Download ToolPiper at [modelpiper.com](https://modelpiper.com) and check the resource monitor before loading your next model. If you use Ollama, connect it as a provider and manage your model loading through ModelPiper's interface.

_This is part of a series on [Ollama frontends for Mac](/blog/best-ollama-frontend-mac). See also: [How AI Model Memory Works on Mac](/blog/ai-model-memory-mac) for the fundamentals of model memory on Apple Silicon._

## FAQ

### Does Ollama automatically unload models to free memory?

Ollama has basic model lifecycle management, but it's not fully transparent. It may keep models loaded after your last request and unload them after an idle timeout. You can force an unload with the API, but there's no built-in UI for managing what's loaded. ToolPiper gives you explicit control: load and unload models individually with real-time memory feedback.

### Can I run Ollama and ToolPiper models at the same time?

Yes. They're separate processes drawing from the same unified memory pool. An 8B model in Ollama and a 3B model in ToolPiper use about 7GB combined. The constraint is total available RAM, not any interaction between the two tools. ToolPiper's resource monitor shows system-wide memory pressure, so you'll see the impact of both.

### What happens when I exceed available memory?

macOS starts paging to the SSD swap file. Token generation speed drops dramatically - from 40+ tokens/second to single digits. The entire system feels sluggish: app switching lags, browser tabs reload, and fan noise increases. The fix is unloading a model. ToolPiper warns you before this happens. Ollama does not.

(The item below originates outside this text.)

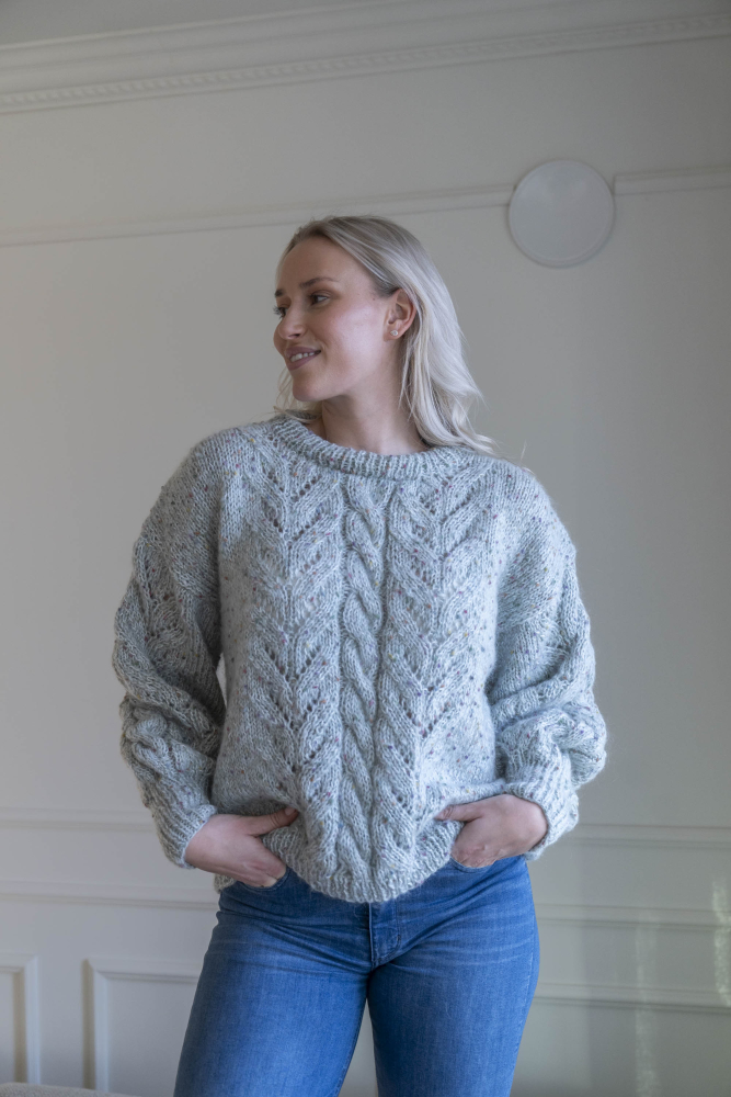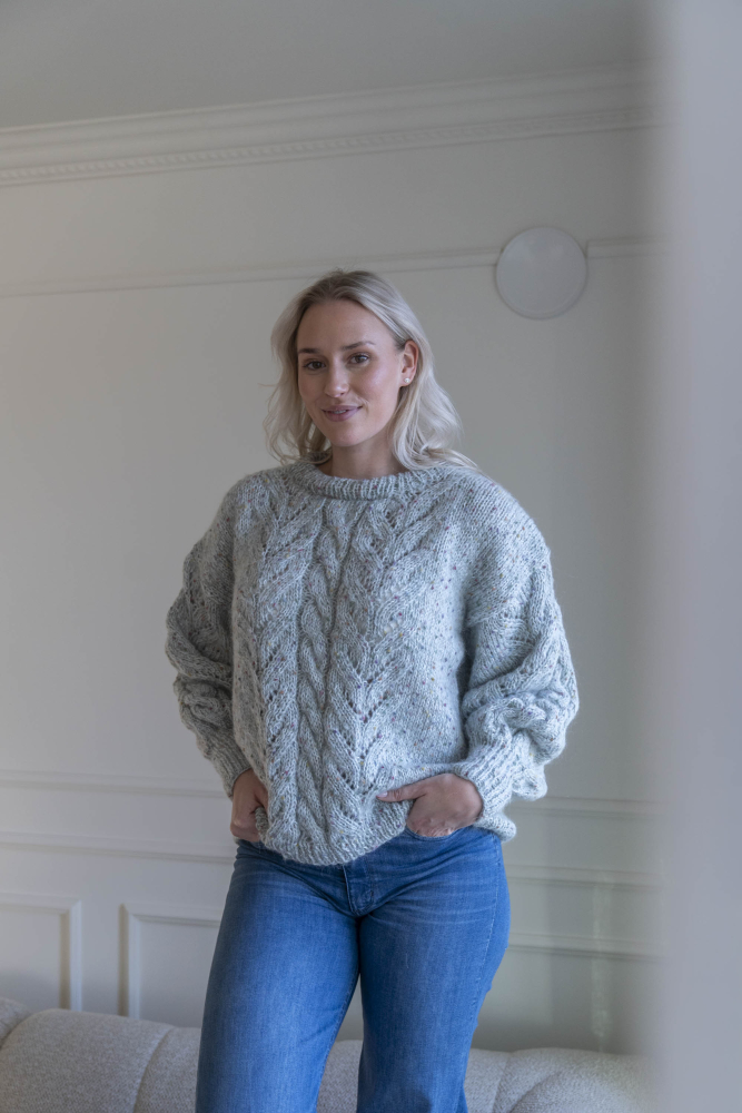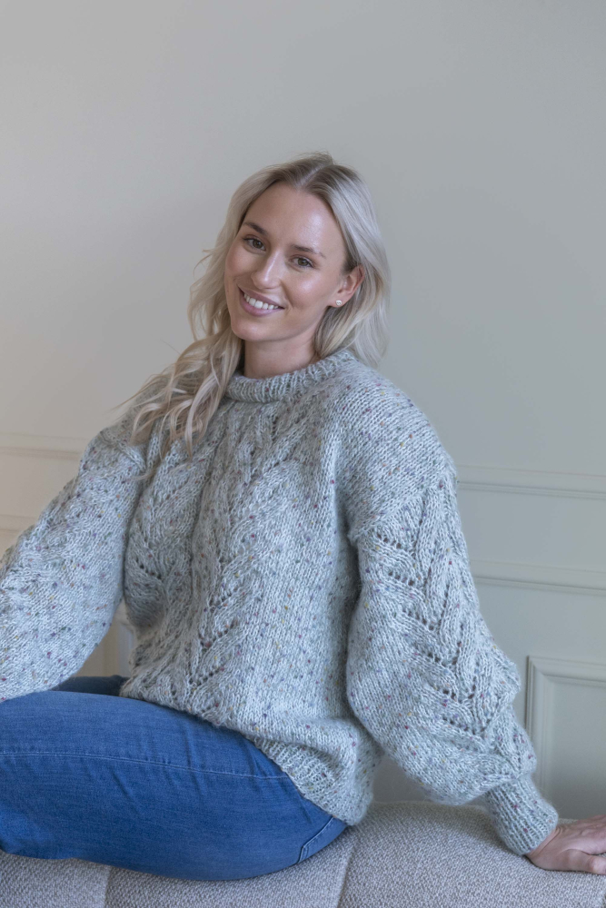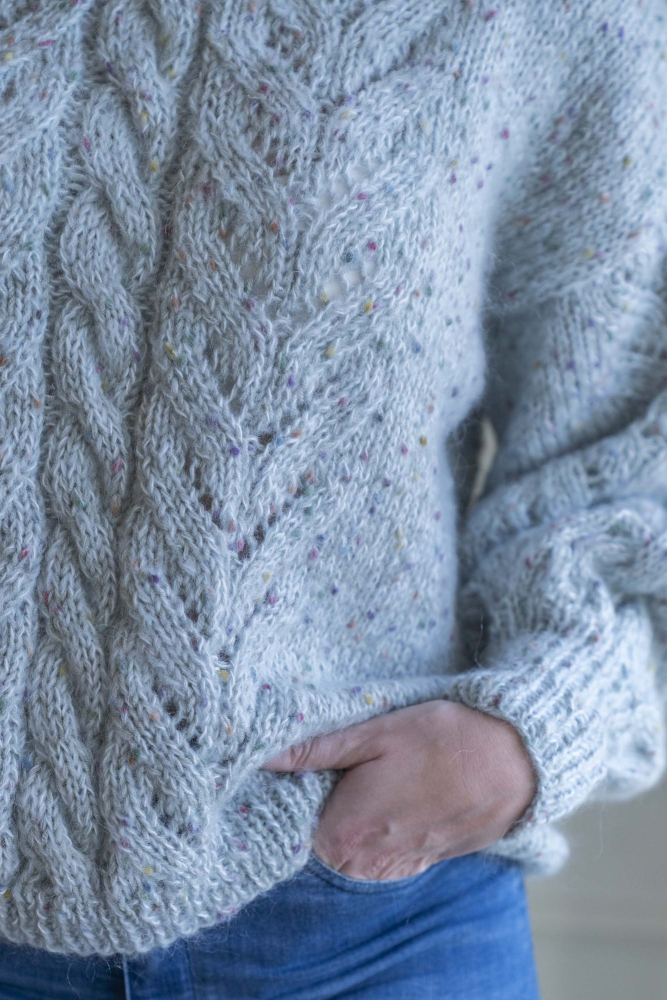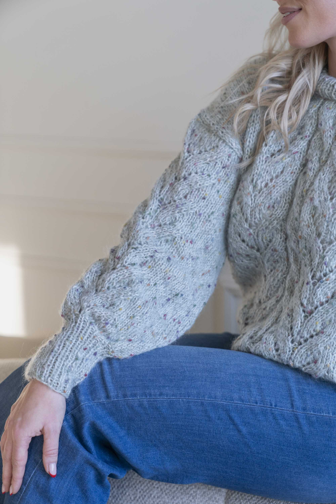 So finden Sie die passende Größe: Messen Sie ein Kleidungsstück aus, das Ihnen gut passt, und vergleichen Sie die Maße mit der Anleitung. Entscheiden Sie sich basierend auf der Brustweite des Rumpfteils für eine Größe. Die Länge des Rumpfteils sowie der Ärmel kann nach Belieben angepasst werden, aber denken Sie daran, zusätzliches Garn zu bestellen, wenn Sie die Länge verändern möchten!

### Should I use Q4 or Q8 quantization for multi-model setups?

Q4 for most models in a multi-model setup. The quality difference between Q4 and Q8 is modest for conversational tasks. Q4 cuts memory usage roughly in half, which is the difference between fitting two models and fitting one. Reserve Q5 or Q6 for your primary chat model if quality matters more than memory for that specific use case.